Armenta-Castro Arnoldo, de la Rosa Orlando, Aguayo-Acosta Alberto, Oyervides-Muñoz Mariel Araceli, Flores-Tlacuahuac Antonio, Parra-Saldívar Roberto, Sosa-Hernández Juan Eduardo
School of Engineering and Sciences, Tecnologico de Monterrey, Monterrey 64849, Mexico.
Institute of Advanced Materials for Sustainable Manufacturing, Tecnologico de Monterrey, Monterrey 64849, Mexico.
Viruses. 2025 Jan 15;17(1):109. doi: 10.3390/v17010109.
Detection and quantification of disease-related biomarkers in wastewater samples, denominated Wastewater-based Surveillance (WBS), has proven a valuable strategy for studying the prevalence of infectious diseases within populations in a time- and resource-efficient manner, as wastewater samples are representative of all cases within the catchment area, whether they are clinically reported or not. However, analysis and interpretation of WBS datasets for decision-making during public health emergencies, such as the COVID-19 pandemic, remains an area of opportunity. In this article, a database obtained from wastewater sampling at wastewater treatment plants (WWTPs) and university campuses in Monterrey and Mexico City between 2021 and 2022 was used to train simple clustering- and regression-based risk assessment models to allow for informed prevention and control measures in high-affluence facilities, even if working with low-dimensionality datasets and a limited number of observations. When dividing weekly data points based on whether the seven-day average daily new COVID-19 cases were above a certain threshold, the resulting clustering model could differentiate between weeks with surges in clinical reports and periods between them with an 87.9% accuracy rate. Moreover, the clustering model provided satisfactory forecasts one week (80.4% accuracy) and two weeks (81.8%) into the future. However, the prediction of the weekly average of new daily cases was limited (R = 0.80, MAPE = 72.6%), likely because of insufficient dimensionality in the database. Overall, while simple, WBS-supported models can provide relevant insights for decision-makers during epidemiological outbreaks, regression algorithms for prediction using low-dimensionality datasets can still be improved.

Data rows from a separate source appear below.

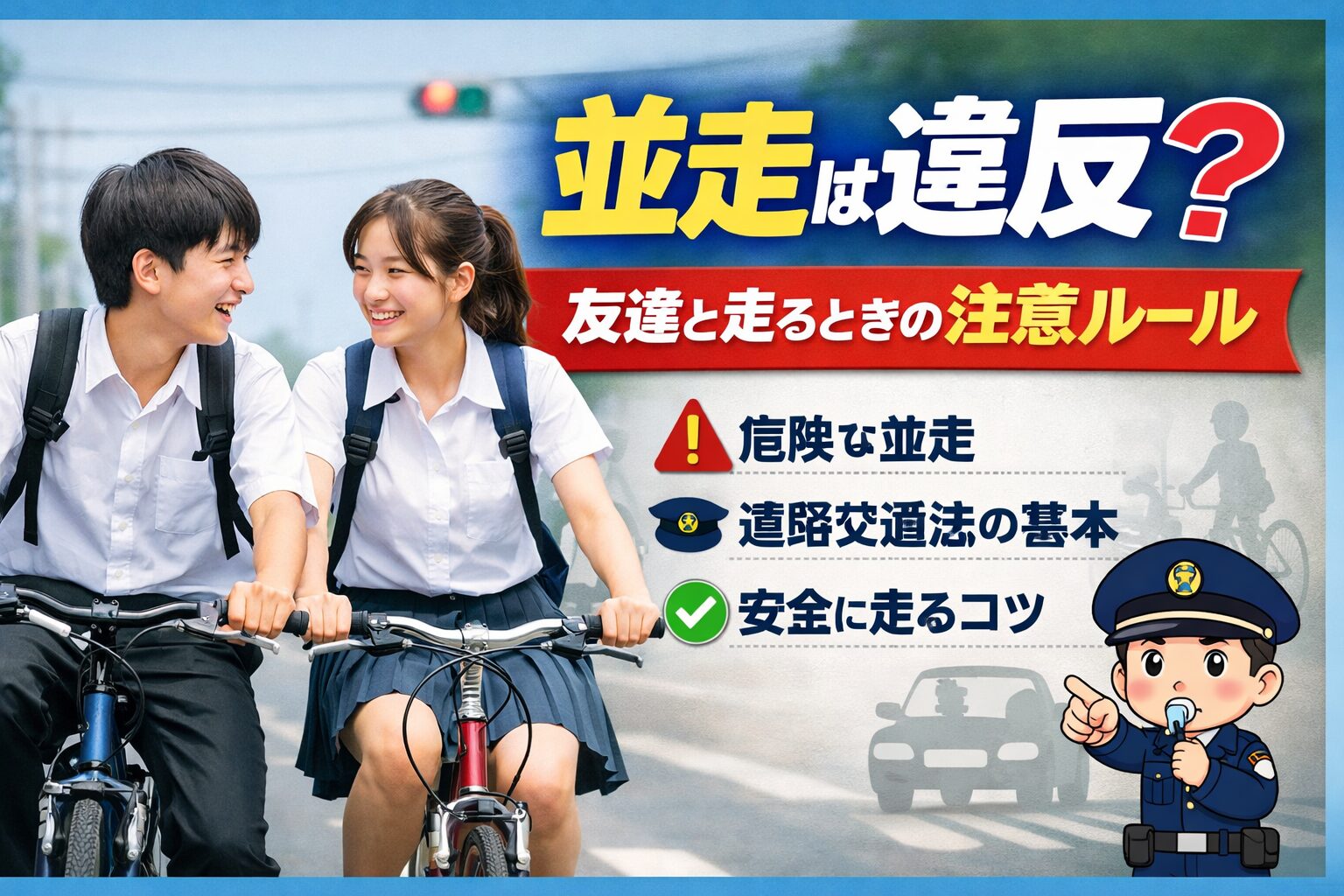 学校の周辺や駅前、交通量の多い道路では、警察が並走を特に注意深く見ています。友達と話しながら走っていると、声をかけられることも珍しくありません。注意だけで済むこともありますが、悪質だと判断されると指導や罰則の対象になることもあります。恥ずかしい思いをしないためにも、ルールは守りたいですね。
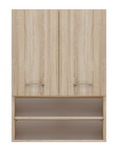 De POLA MINI DK hangkast in Sonoma eiken is dé praktische oplossing voor optimaal gebruik van de ruimte boven je wasmachine. Met twee open planken en twee deuren biedt deze moderne kast volop opbergruimte voor handdoeken, schoonmaakmiddelen en badkameraccessoires. Het minimalistische ontwerp en het nieuwe type beslag zorgen voor een strakke afwerking zonder zichtbare doppen aan de zijkanten. Gemaakt van stevig 16 mm gelamineerd karton door een Poolse fabrikant, past deze hangkast perfect in ieder interieur en is bijzonder geschikt voor kleine badkamers.
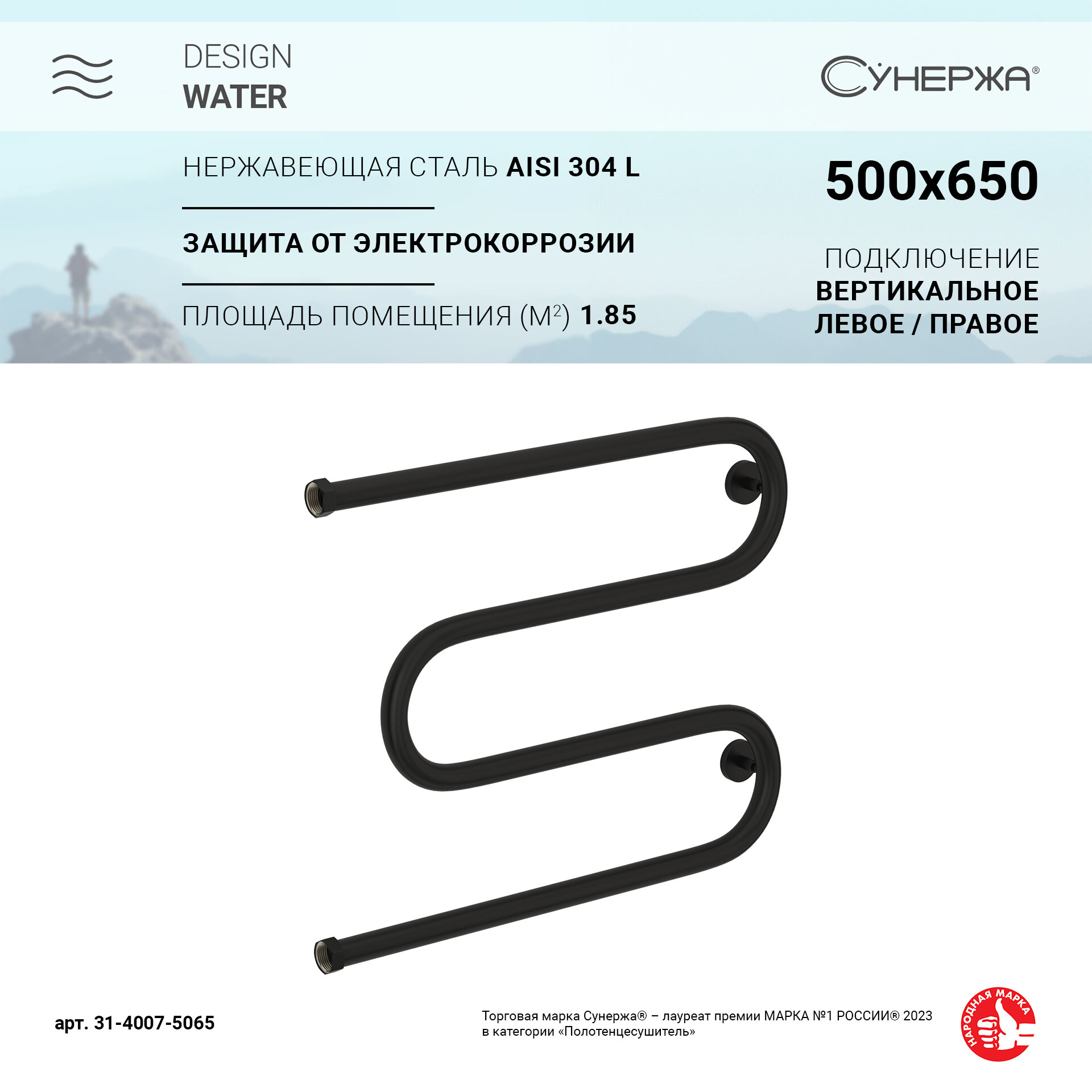 Отзывы на Полотенцесушитель водяной Сунержа 31-4007-5065 М-образный+ Полотенцесушитель водяной 500х650 мм, Н. Г. 1", матовый черный

在废水样本中检测和量化与疾病相关的生物标志物,即基于废水的监测(WBS),已被证明是一种以高效省时且资源节约的方式研究人群中传染病流行情况的有价值策略,因为废水样本代表了集水区内的所有病例,无论这些病例是否有临床报告。然而,在公共卫生紧急事件(如新冠疫情)期间,分析和解释用于决策的WBS数据集仍是一个有待发展的领域。在本文中,利用2021年至2022年期间从蒙特雷和墨西哥城的污水处理厂(WWTPs)及大学校园采集的废水样本所获得的数据库,训练基于简单聚类和回归的风险评估模型,以便在高富裕度设施中采取明智的预防和控制措施,即便处理的是低维数据集且观测数量有限。当根据7天平均每日新增新冠病例是否高于某个阈值对每周数据点进行划分时,所得聚类模型能够以87.9%的准确率区分临床报告激增的周数和其间的时间段。此外,该聚类模型对未来一周(准确率80.4%)和两周(准确率81.8%)提供了令人满意的预测。然而,对每日新增病例周均值的预测有限(R = 0.80,平均绝对百分比误差 = 72.6%),这可能是由于数据库维度不足所致。总体而言,虽然简单,但基于WBS的模型可为流行病爆发期间的决策者提供相关见解,利用低维数据集进行预测的回归算法仍有改进空间。